Letters on NB Government's lack of understanding, ability to listen, and warring with their constituents.

Lamrock shows lack of understanding

Hearing of Kelly Lamrock's latest plan to revamp the education system (standardized testing for teachers), and reading of Measha Brueggergosman's comments re: the cutting of the early French immersion program, I am struck (again) by the minister's apparent lack of understanding of language, and indeed of culture (specifically music, art, and education).

In cutting the early French immersion program, which is a program "that works," Lamrock claims to be broadening the accessibility of language acquisition. Rather he is adopting a lowest-common-denominator approach that degrades a system already in trouble, rather than playing to its strengths. He has claimed in the past few weeks that students are currently being taught "too many concepts" in math, and so he has made changes to that curriculum.

Learning a language is not akin to learning a subject like math. Language is a way of contextualizing everything we do; it is a framework for teaching subjects like math and science. Immersing children in language at a young age is a proven way to teach it effectively. Like music and art, language is a mode of expression. Like music and art, it is a way of thinking and perceiving and expressing experience.

His arrogance in not consulting those with expertise in education (including teachers), and in his rejection and disrespect of opposition to his broad-strokes, profoundly disruptive plans, is breathtaking.

Why do Lamrock and the Liberal government underestimate the abilities of students and teachers so, and why must we all pay the price of his underestimation?


Is premier really ready to listen?

I am wondering if Mr. Graham is truly ready to implement the ideas of this newest report mentioned in Wednesday's paper entitled, "Can we Talk?" To me the concept seems like common sense. Could it have been the coming together of the people during the UNBSJ fiasco in which Mr. Graham was quite willing to jeopardize the reputation of our University to change it to a polytechnic school that has caused this change of direction for our governing officials? Or could it be the impending judicial review over the reckless changes to our French second language program that have left parents with no other option than to sue our government?

It is a shame that it took $100,000 to tell our leaders that labelling parents who didn't agree with their decision to eliminate choice in their child's education, as emotional members of an elitist self-interest group, probably wasn't a smart or proper thing to do.

Mr. Graham and his ministers have got to show respect and consideration to people who have dissenting opinions. Then and only then, will this government regain some of the respect and confidence it has lost during what seems to be a dictatorship-like style in which decisions have been made.


Letter to the Editor--Bugle Observer Provincial Liberals must stop war of wordsPublished Tuesday May 27th, 2008

Dear Editor,

The Liberals' war of words on the people of New Brunswick has got to stop.

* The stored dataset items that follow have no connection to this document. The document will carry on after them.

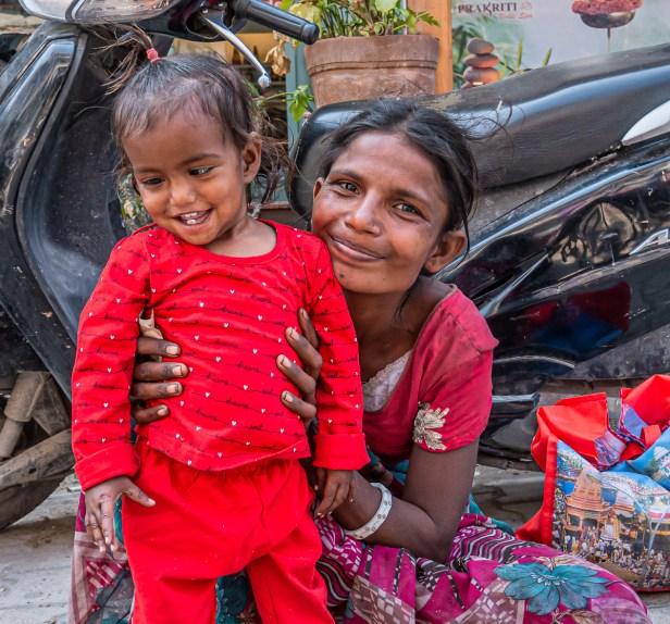 We’ve continued doing this in Rishikesh. Like the street vendors, the beggars have their spot and since we walk more or less the same route every day we support the same people. A young mother with such a heart-breaking depth of sadness and desperation in her eyes that I can hardly bare to look contrasts with a man who has lost a leg. When Don asks him how he is he puts his hand on his heart, smiles widely, says he’s fine, and points to the sky, to God. All is well. And then there is the quite badly deformed woman who has a smile that outdoes the sun when she sees us. And this young mother with her sweet child, who, like most Indians, is delighted to be photographed.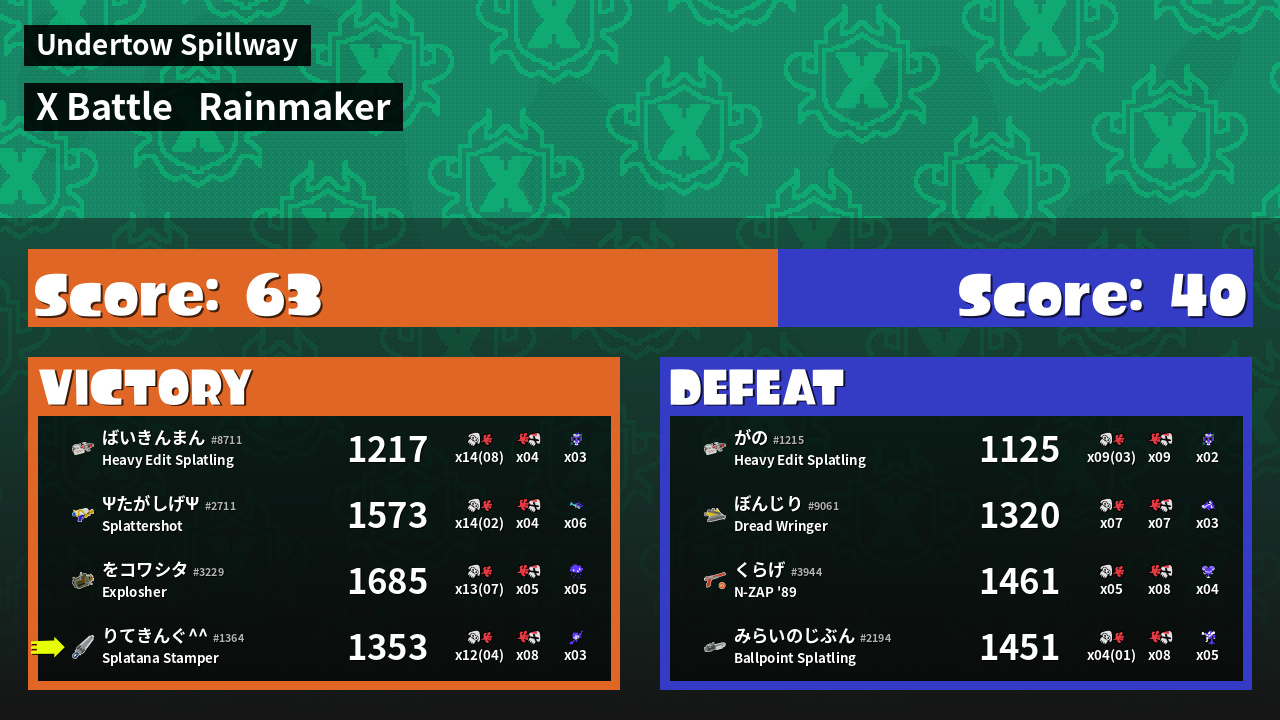 | Mode | Rainmaker - X Battle | ||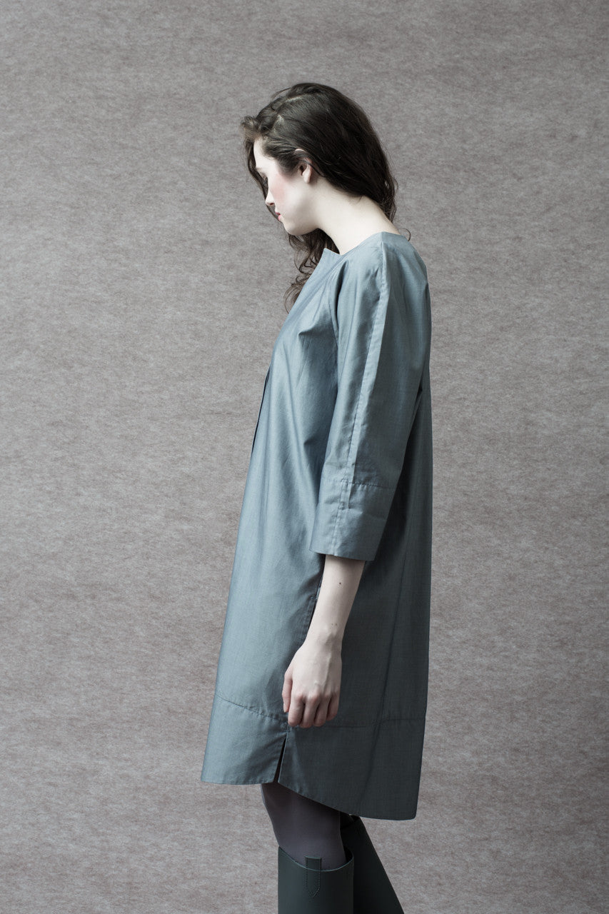 Hidden button shirt dress with 3/4 sleeves, pockets, 100% cotton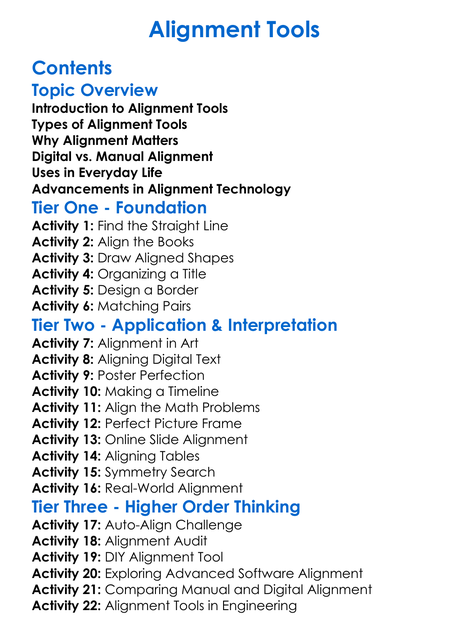 Alignment Tools Worksheet Activity Booklet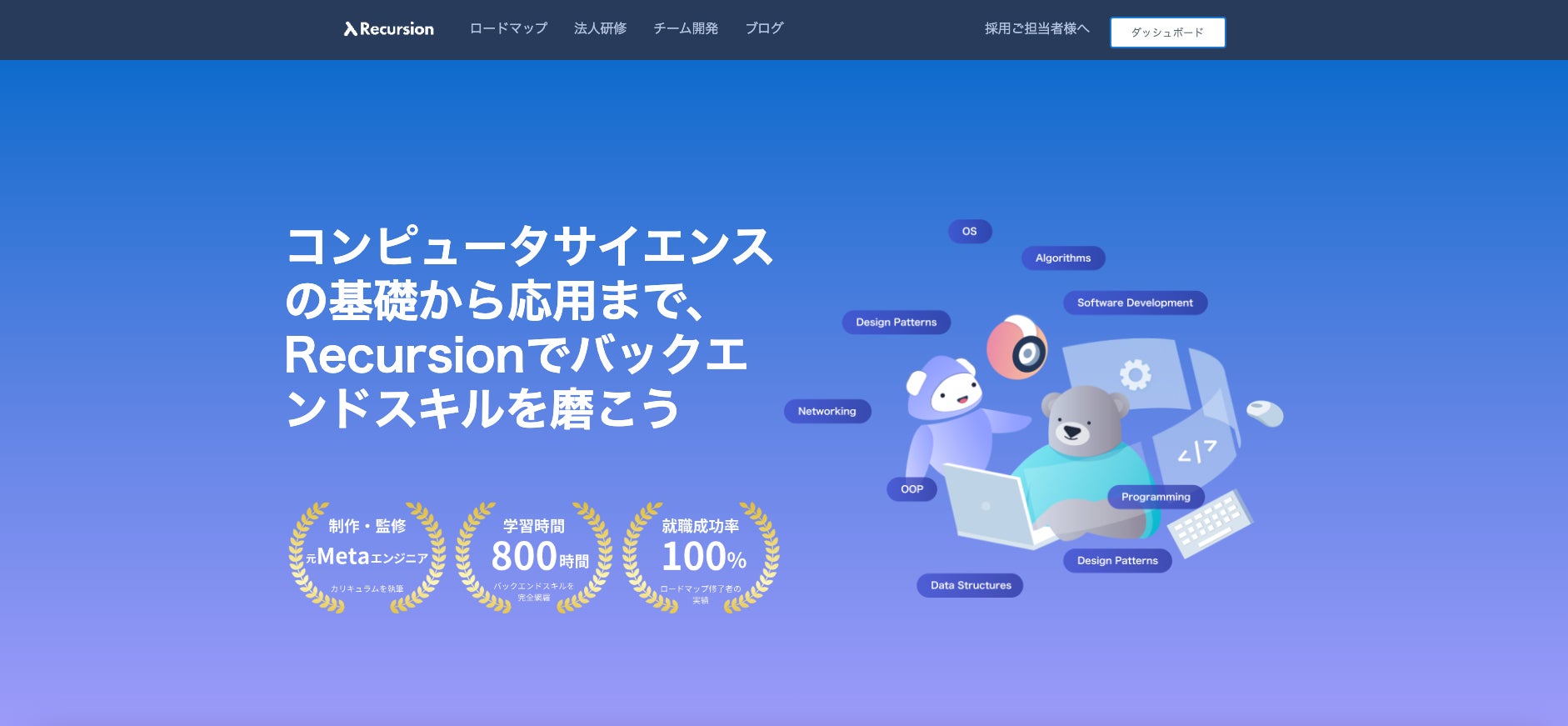 Recursionは、元Metaエンジニアによって設立された、オンラインでコンピュータサイエンスとバックエンド開発を学べるプラットフォームです。アウトプットを中心としたカリキュラム設計により、未経験者から実務レベルの開発力を持つエンジニアへの成長を支援しています。

It is simply unconscionable that a minister of state would refer to one optional educational program, early French immersion, as "segregated," while praising other proposed optional programs, such as enrichment and late French immersion, as suiting students' needs.

Segregation is a word that stinks of racial prejudice and sexism, and it has no place in this debate. When most people use it, they mean that people are forced into separate groups, like African-Americans on public transportation in the 1950s.

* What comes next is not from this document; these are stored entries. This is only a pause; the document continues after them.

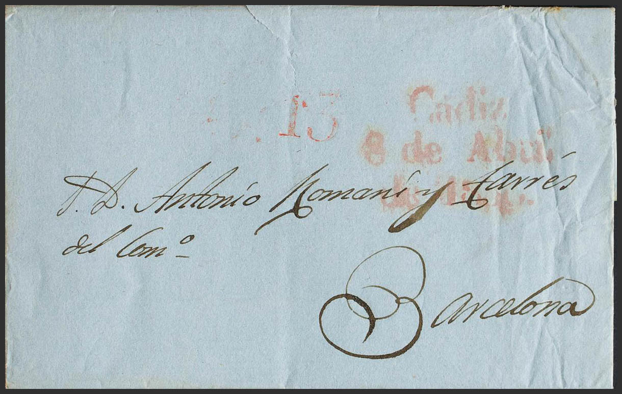 1836. CADIZ to BARCELONA. Brand CADIZ / APRIL 8 / DE 1836 (PE20) 2004 edition. MAGNIFICENT.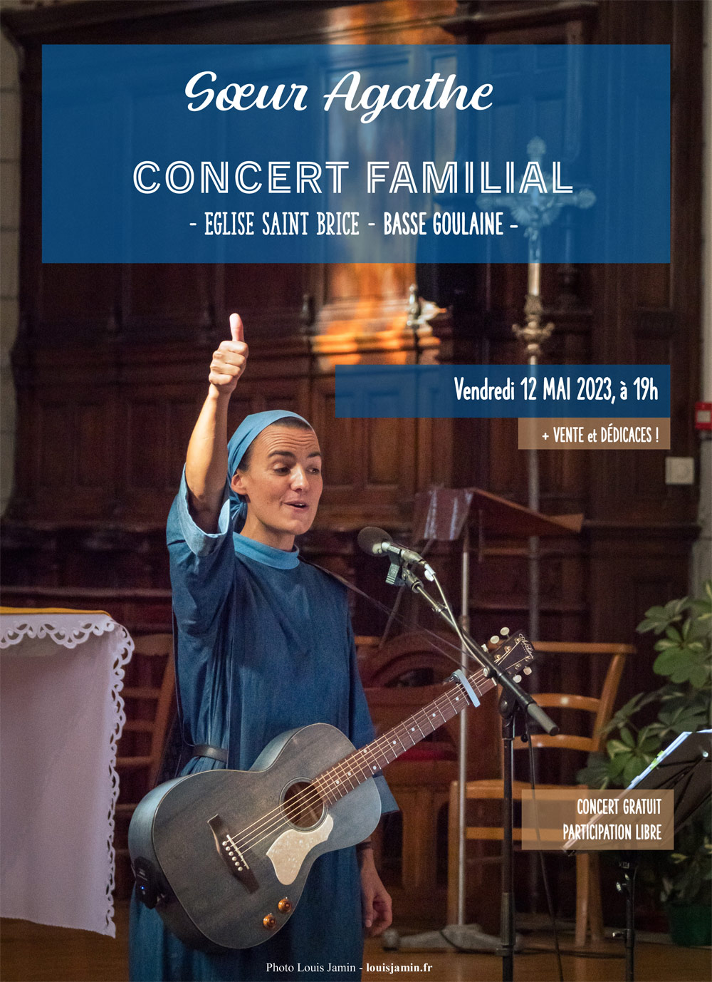 La paroisse Sainte-Anne-de-Goulaine accueille sœur Agathe pour un concert familial le vendredi 12 mai 2023 à 19h, dans l’église Saint-Brice de Basse-Goulaine.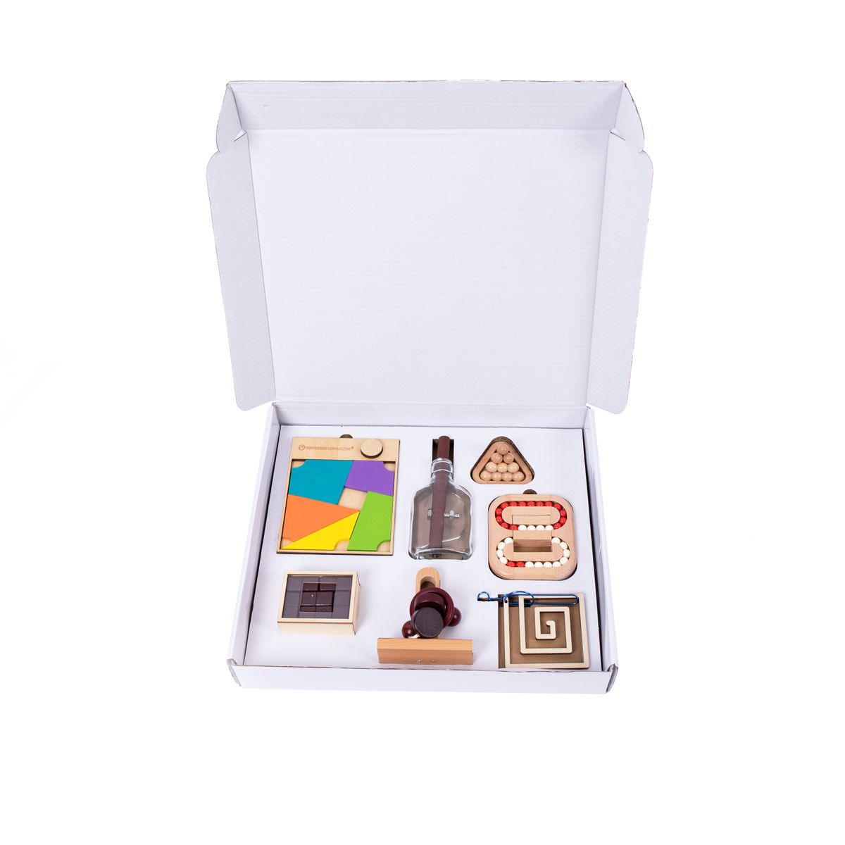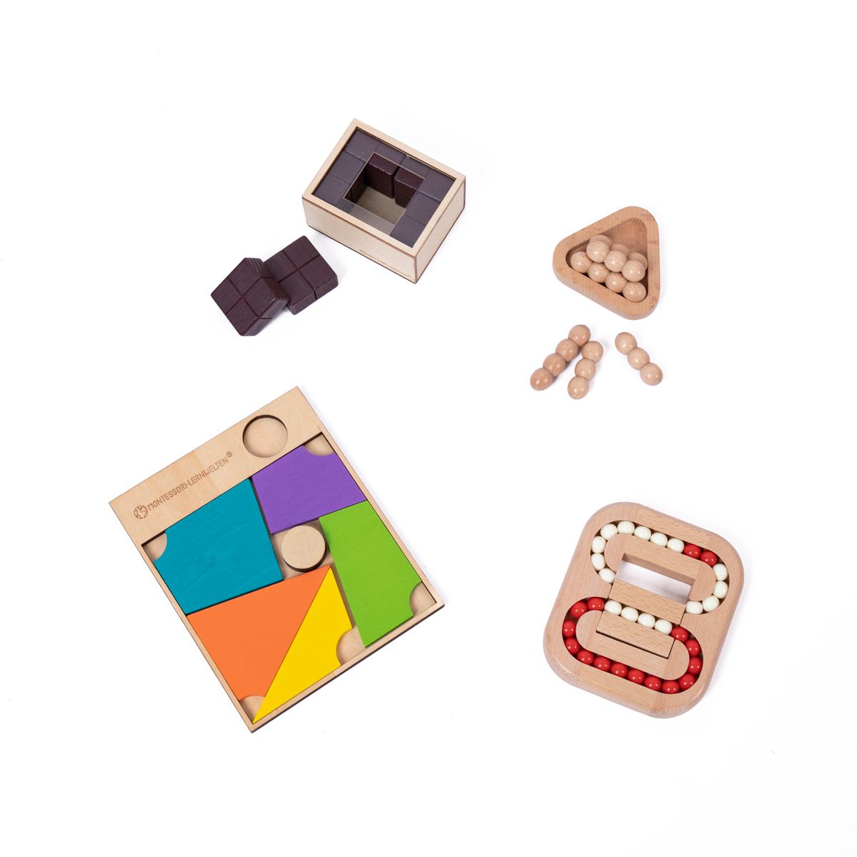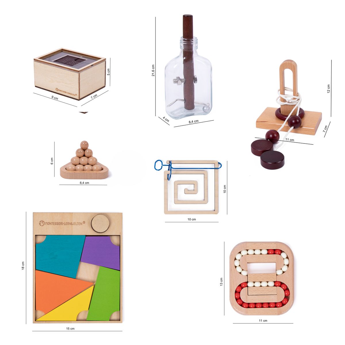 Sieben vielfältige Knobelspiele aus hochwertigen Materialien sorgen garantiert für viele Stunden Rätselspaß für Groß und Klein. Jedes Spiel hat seinen ganz besonderen Reiz!

Early French immersion is an option, and if anyone was unable to take it, this was because the minister has never made good on the Liberal campaign promise to fulfill the recommendations of the McKay report and provide sufficient resource help for the existing French program.

Until he can use less loaded words, the Liberals should stop Lamrock from tinkering with the subjects that really matter to the fabric of our province and set his sights on improving our scores in the one topic on which he is an obvious expert: rhetoric.

If the Liberals don't stop, at least we'll be the number one province in that field by 2010.